Monday, 27 February 2017

The Dun Sentinel of the marshes

This an odd one. A short post on a snail.

Assiminea grayana
to be precise. Common name, the Dun Sentinel. A tiny salt marsh specialist extending to just above the high water mark, common on estuaries between the Humber and Pegwell. Found around the southern North Sea, also very recently (the 1990s) discovered in Ireland and the north-west of England.

Why mention on a birding blog? Studies have shown that where the Dun Sentinel is present, it can amount to up to 98% of the food resource for any estuary Rock Pipits. Dietary differences. The resident Rock Pipits on other parts of our coast get away with staying put in a maritime environment on a diet largely consisting of Melarhaphe neritoides- the Small Periwinkle. Driven out by the cold further north, our wintering visitors have found a different food resource to exploit

I admit to having never knowingly seen a Dun Sentinel, but I think I'll now include on my (bait-)bucket list and make an effort this spring once things have warmed up a bit and the winterers have departed. Rock Pipits are another favourite of mine after all.

The taxonomic fun over the years, separating Rock, Water and Buff-bellied Pipits (only given to full species status by the British Ornithologists Union some 19 years ago) is based only in part on visual differences. Habitat specialisation when breeding and wintering comes into the argument. The Dun Sentinel goes some way to explaining just why migrant Rock Pipits can get by on estuaries in winter- they've found a prey item out on the saltings they can do very well on. Some argue there's very little overlap between the species/subspecies in their wintering habitats but, some inland sites such as Stodmarsh/Grove in East Kent, are now throwing up headaches for Water/Rock aficionados.

Field i.d. is a blogpost for another day, but for now is always worth remembering the visual identification of each species is not as easy as some would have it. If you read the monographs rather than the sparsely worded field guides, you will find most distinctions use caveats of terms such 'generally' and avoid claiming many identification pointers to be as clear cut as we would like them to be.
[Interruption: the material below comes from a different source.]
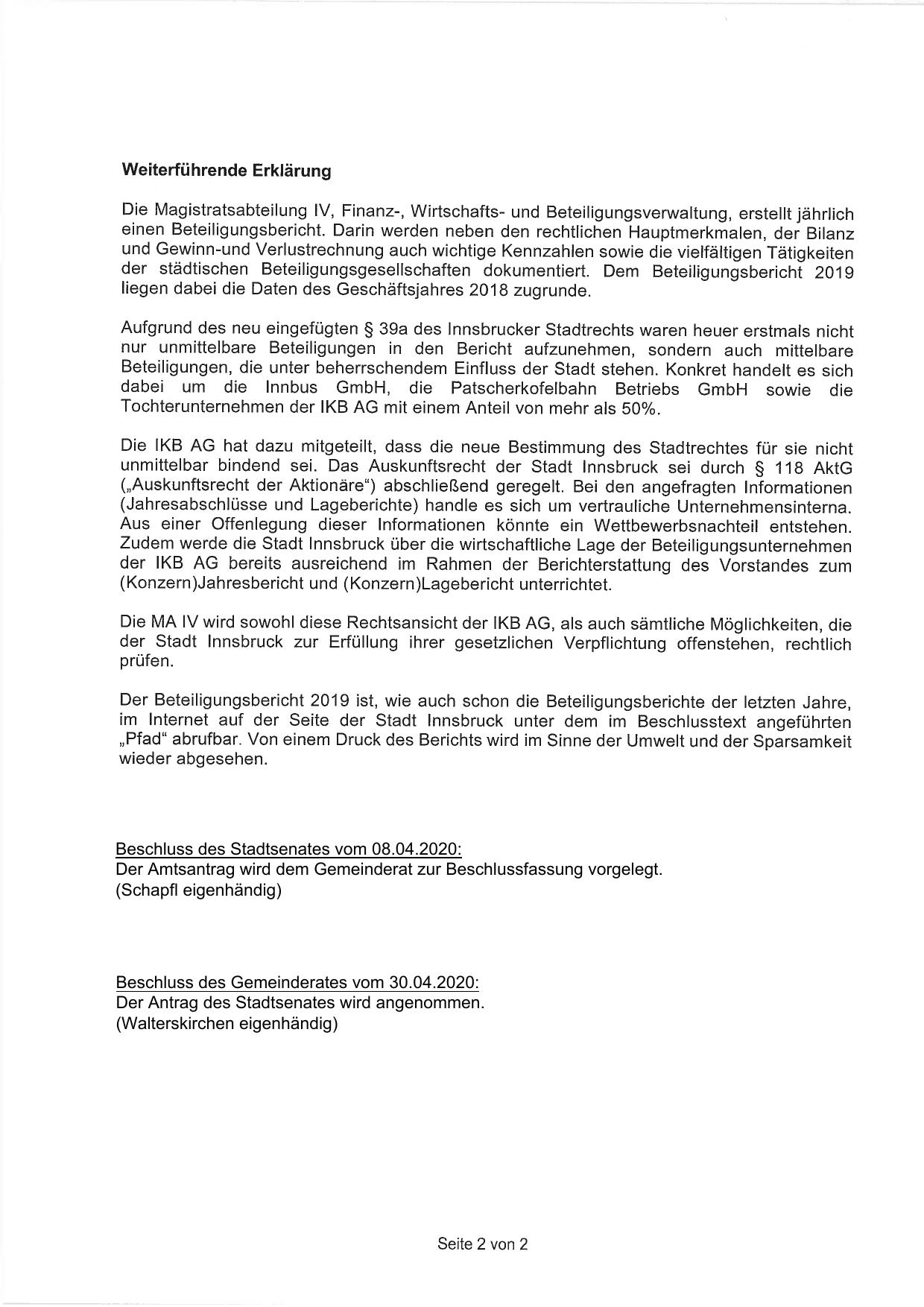 Zudem werde die Stadt Innsbruck über die wirtschaftliche Lage der Beteiligungsunternehmen

Small wonder it took us so many years to pigeonhole to species status...

The more we learn, the more there is to know.

I'm no conchologist, but I'll enjoy stringing a shell in a few weeks, all the time chuckling in the knowledge the snail taxonomists are still arguing about whether Dun Sentinel is actually a separate species, or if they need to lump it in with other Assiminea down around the Mediterranean.

Spot the Rock Pipit, hunting out the other two percent of his diet.